On Monday, 27 December 2021 at 07:12:24 UTC, rempas wrote:
> I don't understand that. Based on your calculations, the results should have been different. Also how are the numbers fixed? Like you said the amount of bytes of each encoding is not always standard for every character. Even if they were fixed this means 2-bytes for each UTF-16 character and 4-bytes for each UTF-32 character so still the numbers doesn't make sense to me. So still the number of the "length" property should have been the same for every encoding or at least for UTF-16 and UTF-32. So are the sizes of every character fixed or not?
Your string is represented by 8 codepoints. The number of codeunits to represent them in memory depends on the encoding. D supports to work with 3 different encodings (in the Unicode standard there are more than these 3)
string utf8s = "Hello 😂\n";
wstring utf16s = "Hello 😂\n"w;
dstring utf32s = "Hello 😂\n"d;
Here the canonical Unicode representation of your string
H e l l o 😂 \n
U+0048 U+0065 U+006C U+006C U+006F U+0020 U+1F602 U+000a
let's see how these 3 variable are represented in memory:
utf8s : 48 65 6C 6C 6F 20 F0 9F 98 82 0a
11 char in memory using 11 bytes
utf16s: 0048 0065 006C 006C 006F 0020 D83D DE02 000A
9 wchar in memory using 18 bytes
utf16s: 00000048 00000065 0000006C 0000006C 0000006F 00000020 0001F602 0000000A
8 dchar in memory using 32 bytes
As you can see, the most compact form is generally UTF-8, that's why it is the preferred encoding for Unicode.

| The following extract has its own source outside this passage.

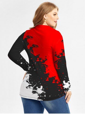 Plus Size Paint Splatter Colorblock Long Sleeves Shirt - Red - 1x | Us 14-16

UTF-16 is supported because of legacy support reason like it is used in the Windows API and also internally in Java.
UTF-32 has one advantage, in that it has a 1 to 1 mapping between codepoint and array index. In practice it is not that much of an advantage as codepoints and characters are disjoint concepts. UTF-32 uses a lot of memory for practically no benefit (when you read in the forum about the big auto-decode error of D it is linked to this).